徐斯寻找合适对象收购时注意到腾跃制鞋厂,倒是因为这是间成立于上世纪三十年代的老厂,生产的胶底鞋在十几年前曾红极一时。这些年来却渐渐没落了,只能托赖接红旗的订单和外贸订单来维持经营。又适逢红旗动荡和金融风暴,就有些支持不住的意思,但胜在行业经验还是丰富的。

徐斯托中间人寻到鞋厂的一位裴厂长套了套意思,没想到对方竟然十分愿意,徐斯自然顺水推舟了。

只是舅舅特地一问,让徐斯好生疑惑,他答:“是啊,有什么掌故?”

方墨剑讲道:“这鞋厂以前的厂长是老江的丈人,老江就是从腾跃开始入这行的。那时腾跃还是国有企业,后来是老江帮着私有化后还给了老丈人家,现在他们的厂长是他的小舅子裴志远。”

徐斯一呆,实在是没有想到无意插手的鞋厂也会同江湖家有了千丝万缕的关系,而他今日也是约了腾跃的厂长在此地进一步洽谈。这么一想,他的心里立刻生出一些些道不明的别扭劲来。

也真是白日不能说鬼,他跟着舅舅一路上了二楼,一拐角,就在二楼会议室门外的等候区看到了江湖。

江湖坐在会议室外大型布展区的台阶上,她身后的布展区还有三五个木模特身着去年自由马的冬季新款,摆着很好看的姿态。

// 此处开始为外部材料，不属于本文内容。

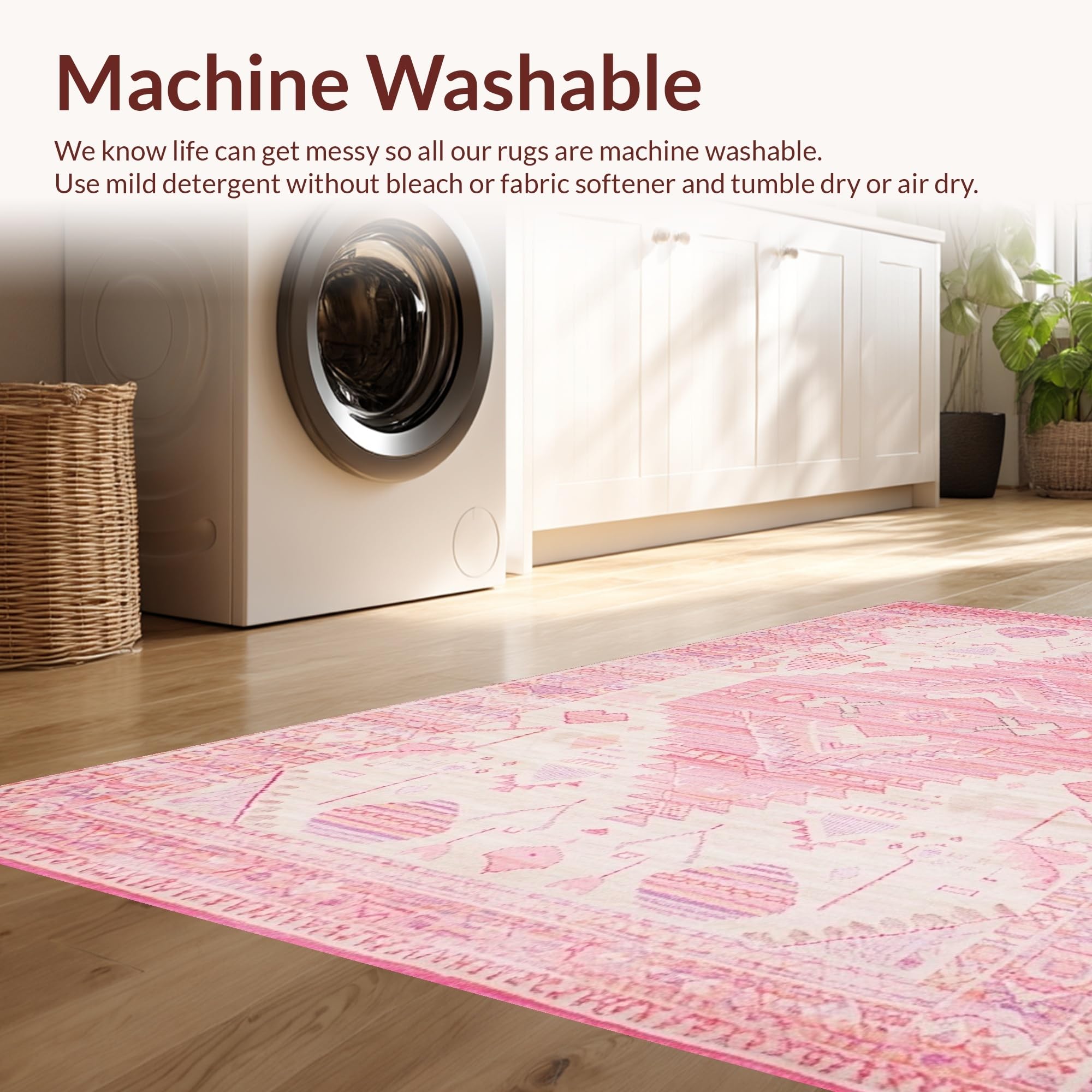 - Machine Washable: Our rugs can be easily thrown in the wash machine.

她坐在模特下首的阴暗角落里,蜷着腿,没有动,更不知道目光放空在何处。徐斯乍一眼看去,以为那也是一个不会动的模特。

江湖身上穿着自由马的春季新款露肩的修身长绒衫,一直盖到臀部以下。绒衫是黑色的,她的腿上又配了黑色的打底裤,下面一双棕色的羊皮长靴。一身的衣服朴素而得体。

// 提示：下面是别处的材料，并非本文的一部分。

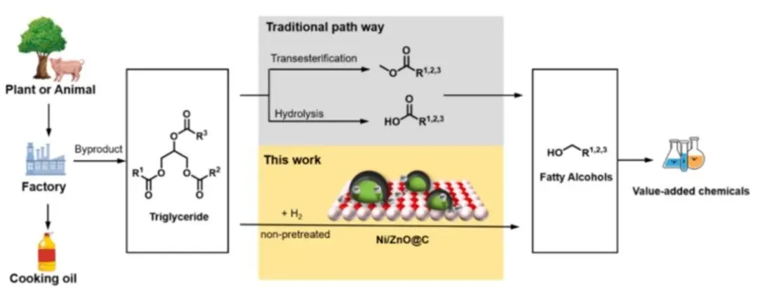 脂肪醇生产的商业化工艺采用两步法策略:首先将脂肪酸三酰甘油酯通过酯交换转化为脂肪酸酯,随后使用铜‑铬催化剂进行加氢。然而,商业铜‑铬催化剂需在苛刻的反应条件下运行,且因潜在的铬浸出风险而存在环境隐患。贵金属催化剂如钯、钌、铑等也能有效催化其加氢制脂肪醇,但其高昂成本使其经济吸引力较低。因此,非贵金属催化剂受到越来越多的关注,其中铜、镍、钴因其在相对温和的反应条件下表现出良好活性而备受瞩目。例如,有研究报道了一种富含缺陷的催化剂,其利用高分散的零价铜物种与丰富氧空位的协同效应促进氢气异裂,从而促进其解离,在高温高压条件下实现了高收率的十六烷醇。然而,该催化剂不稳定,易发生铜物种团聚和积碳,导致其加氢性能下降。因此,在第二个循环中脂肪醇收率大幅降低。迄今为止,大多数研究集中于脂肪酸甲酯或脂肪酸的转化。相比之下,关于三酰甘油酯直接转化的研究,在催化剂设计、反应路径控制和机理理解方面仍探索不足,仅有的案例也仅限于使用其作为方法验证的底物。鉴于天然植物油主要以三酰甘油酯形式存在,从原子经济性和生产成本的角度出发,开发高效催化剂由其生产脂肪醇具有重要意义。

从徐斯的眼里看过去,江湖的这个姿态很美。从她的额线到鼻尖到下巴,还有纤长的颈,过渡到从圆领中袒露出的圆润的肩膀,以及修身的绒衫包裹着的身体,线条一路都很流畅,几乎就是个假人了。

方墨剑上前一步,唤了声:“江湖。”

江湖抬起头来。

她的短发稍稍长长了些,盖住额头,她下意识用手拂了一拂,答:“方叔叔。”

方墨剑走上前去,徐斯停留在原地没有动。

他并不如一般情场玩家一样,无论经历怎样的风云变幻,都能岿然不动声色。那一夜的荒唐和惊变,是让他有一点尴尬的。

尤其,他当时还打着她父亲公司的主意。往深层讲,他委实太过欺负妇孺了。

洪蝶婶婶也严厉地警告他,“这件事情你要快点忘记,不要对任何人提起,那有关人家小姑娘的清誉。”

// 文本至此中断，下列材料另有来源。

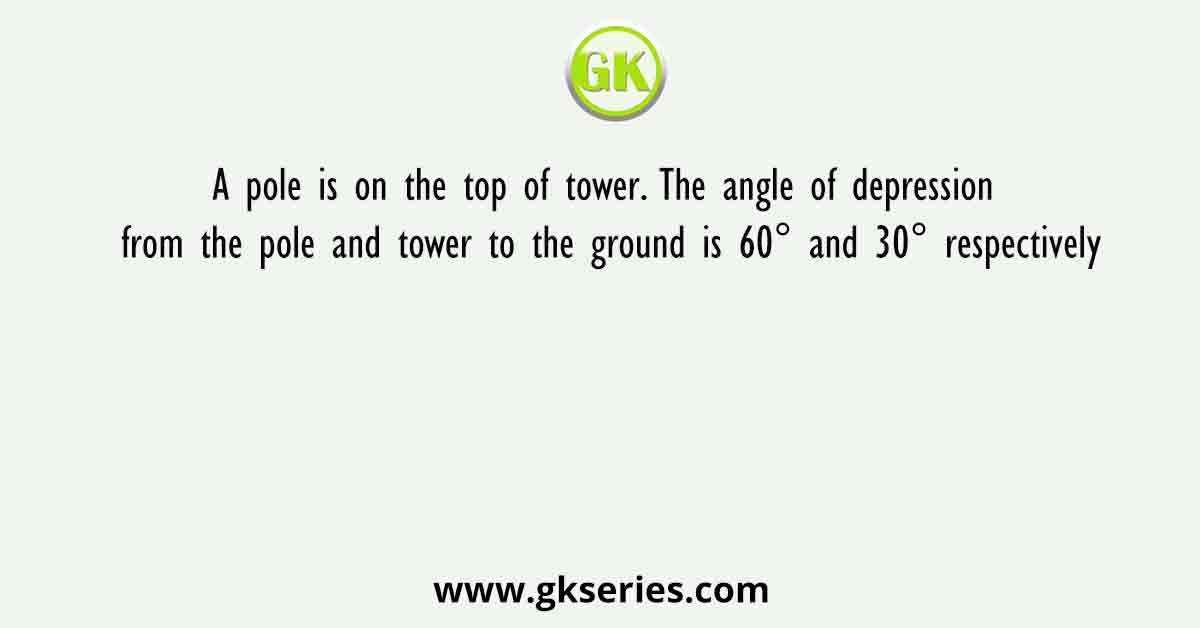A pole is on the top of tower. The angle of depression from the pole and tower to the ground is 60° and 30° respectively

徐斯不是不警醒的,他甚至自认确实做了一桩至大的丑事。他这般偷香窃玉的行径,同江湖之后那刚烈求死的对比,即可让他狠狠羞愧一番。

这实在是稀里糊涂的乘人之危,太不够光明磊落了。

徐斯甚至有想过,自己其时并无女友,他可在江湖丧父这段时间,给予她一些情感补偿。

但似乎江湖并不这么想。

就在那夜次日的清晨,徐斯走进旅馆大堂用早餐,远远看见江湖独自倚窗而坐,面前放着笔记本电脑。他走近一些,可以看见她上的是中国的门户网站,网页上偌大的标题很显眼——“服装大王江旗胜覆没实录”。

徐斯在自己房间里上网时就看过这篇报道。报道写得很详细,该记者似乎从多方面了解了江旗胜的过往商业行为,将其猝死归根为两个原因——其一,是江旗胜股改失败后,转而与房产商沈贵投机房地产,投资的房因施工方偷工减料而猝然塌方,相关人等自然免不了吃上官司;其二,便是江旗胜私人投资的香港利都百货股票因其和澳洲环宇金融以购股及物业换股形式收购计划失败而下挫,这一役让他的私人账户浮出水面不说,经济损失也十分惨重。

这两点都在点子上,和徐斯知道的基本一致。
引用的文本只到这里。